The Alveo Virtual Laboratory was developed through a NeCTAR-funded project led by Western Sydney University.
Alveo provides on-line infrastructure for accessing human communication data sets (speech, texts, music, video, etc.) and for using specialised tools for searching, analysing and annotating that data.
There are two methods of getting access to the Alveo Web Service; Direct Login or via the AAF (The Australian Access Federation) authorisation system.
Data Discovery Interface
Browse and search collections, view documents and create lists of items for further analysis. The Data Discovery Interface provides the jumping-off point for further analysis using the Galaxy Workflow Engine, the NeCTAR Research Cloud, the R statistical package or any other preferred tool or platform. A fully featured API underpins the Data Discovery Interface, providing opportunities to extend the functionality of the Virtual Laboratory.
Galaxy Workflow Engine
Initially targeted at genomics researchers, Galaxy is a scientific workflow system which is largely domain agnostic. The Galaxy Workflow Engine provides Alveo users with a user-friendly interface to run a range of text, audio and video analysis tools. Workflows defining a sequence of steps in an analysis can be created and then shared with other researchers.

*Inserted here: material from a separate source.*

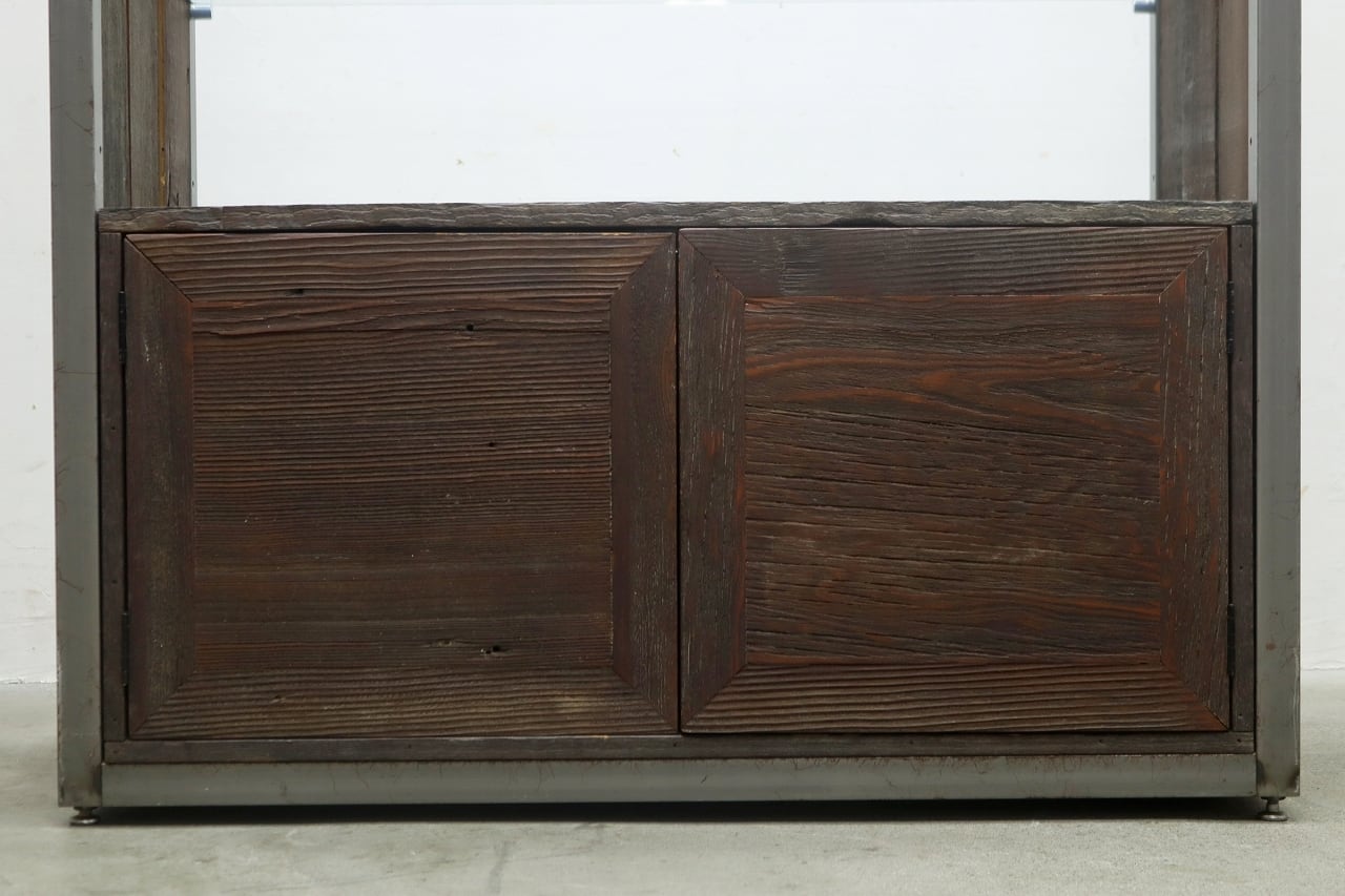 無垢古材 ガラス オープン シェルフ 飾り棚 本棚 食器棚 ラック 店舗什器 ヴィンテージ PHT12056

The following datasets are contained within Alveo:
- PARADISEC (the Pacific and Regional Archive for Digital Sources in Endangered Cultures), including Indigenous languages, music, and speech data; (5.1TB);
- AusTalk, audio-visual speech corpus from the Big ASC project; (24TB);
- The Australian National Corpus (AusNC) incorporating the Australian Corpus of English (ACE), Australian Radio Talkback (ART), AustLit, Braided Channels, Corpus of Oz Early English (COOEE), Email Australia, Griffith Corpus of Spoken English (GCSAusE), International Corpus of English (Australia contribution is ICE-AUS), the Mitchell & Delbridge corpus, and the Monash Corpus of Spoken English;
- The Audio-Video OZstralian English Speech (AVOZES) data corpus, a visual speech corpus ; (15GB);
- A collection of music excerpts from films: samples of Pixar movie theme music expressing different emotions;
- A collection of room impulse responses which, through convolution with speech or music, can create the effect of that speech or music in the acoustic environment they represent;
- A battery of emotional prosody: samples of sung sentences using different prosodic patterns.
- Colloquial Jakartan Indonesian corpus, audio and text (recorded in Jakarta in the early 1990’s); (5GB);
- The ClueWeb dataset. (100TB).
The following tools are included in Alveo:
- EOPAS (PARADISEC tool) for text interlinear text and media analysis.
- NLTK (Natural Language Toolkit) for text analytics with linguistic data.
- EMU for search, speech analysis, and interactive labelling of spectrograms and waveforms.
- AusNC Tools: KWIC, Concordance, Word Count, statistical summary and statistical analysis on a user-defined subset of content.
- Johnson-Charniak parser, to generate full parse trees for text sentences.
- ParseEval, tool to evaluate the syllabic parse of consonant clusters.
- HTK – modifications, a patch to HTK (Hidden Markov Model Toolkit, to enable missing data recognition.
- DeMoLib software for video analysis.
- PsySound3 (physical and psycho-acoustical algorithms) of complex visual and auditory scenes.
- ParGram (grammar for Indonesian).
- The INDRI tool for information retrieval with large data sets.